Friday, April 29, 2011

Friday Feature; Poetic Biographies

I'm ending April with some fantastic biographies about poets!  I've tried to celebrate poetry all month long by posting poetry on my school blog and by reading poems to students.  I found these stories to be inspiring and thought they earned the right to be featured.  How did you celebrate poetry this month or anytime?

1)  My Name is Gabriela; The Life of Gabriella Mistral by Monica Brown; ill. by John Parra (2005).

Born in Chile, Gabriela had a vivid imagination and taught herself to read because she wanted to read stories not just hear them.  She loved the sounds of words and wrote poetry, songs and stories as a child. Gabriela played school  with her friends and little sister and made them learn their ABC's and later, she became a teacher as an adult.  She worked hard and was able to travel, exploring and creating new stories along the way.  She was the first Latin American writer to be awarded the Nobel Prize for Literature.  This book contains beautiful illustrations and a happy young Latina charater with an early love of language!

2)  A Voice of Her Own; The Story of Phillis Wheatley, Slave Poet by Kathryn Lasky; ill. by Paul Lee (2003). 

Wheatley's story is miraculous in many ways.  She was brought to the US on a slave ship, landing in Boston Harbor, at the age of about seven.  John and Susannah Wheatley were at the market looking for a servant girl.  Something about they way the young girl looked appealed to Mrs. Wheatley and they bought her, named her Phillis and took her home.  Luck of the draw...because the Wheatley's treated her very fairly (within the mind warp that yes, they had indeed bought another human but in this instance it worked out well)  Mrs.

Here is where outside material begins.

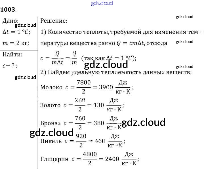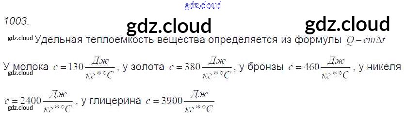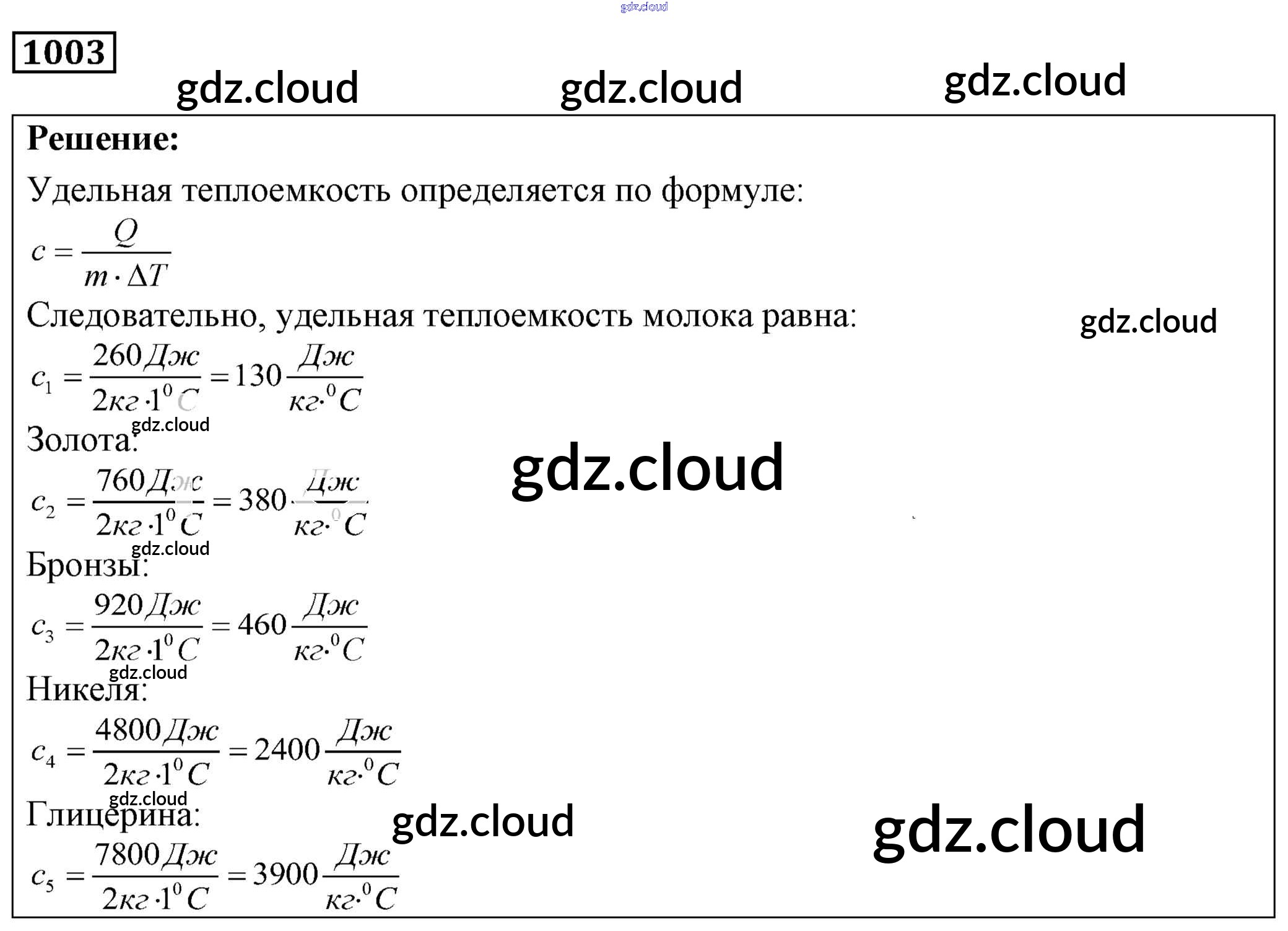 Ответ на задание 1003 Сборник задач Физика за 7, 8, 9 (седьмой, восьмой, девятый) класс Лукашик, Иванова 2011

Sussanah Wheatly decided to experiment and taught Phillis how to read and write, which wasn't allowed in Southern states but was perfectly legit in Massuchusetts.  Phillis impressed the Wheatley's with her ability to write and wanted her poems to be published in a book.  John Hancock and other white American men said her book could not be published.  The Wheatleys sent her to England and someone there agreed to publish it. Yes, Phillis found it odd as well that she would have to travel to King George's England to get her book published as she was a slave in the US.  The American Revolution began soon after this.  Lasky's book brilliantly brings to light the indignity that while Americans were willing to fight for their own freedom they owned other people.  This is the backwards rationale we often still find in the United States.  Great book, great message.  Amazing woman.  I wonder what she could have accomplished if she hadn't been kidnapped and brought to the States. 

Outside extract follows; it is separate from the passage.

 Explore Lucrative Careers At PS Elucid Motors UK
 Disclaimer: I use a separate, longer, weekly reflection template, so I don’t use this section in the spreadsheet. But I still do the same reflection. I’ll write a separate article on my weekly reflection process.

3)  A River of Words; The Story of William Carlos Williams by Jen Bryant; ill. by Melissa Sweet (2008)

We all agreed three years ago what a beautiful book this is, even the end papers, showing his poetry!  This is just a great book about an boy who loved the outdoors and the sounds that surrounded him.  In this book is the simple reason to read poetry to young people:  "But when Mr. Abbott read poetry to Willie's English class, Willie did not feel hurried.  The gentle sounds and shifting rhythms of the poems were like the music of the river.  As the teacher read each line, Willie closed his eyes and let them make pictures in his mind."   Proof that we need to keep reading poetry to spark one mind into a deep love of language.  Who knows one of your students might be the next William Carlos Williams. 

Pick Up Some Poetry Today and share it with a child.

Yesterday I had a crazy day but part of the craziness involved two different AMAZING Authors...Alan Katz aka Silly  Dilly Man was at my school and Patrick Jennings was at the public library.  I met both and fell in love...see the photos to prove it tomorrow or maybe, Sunday.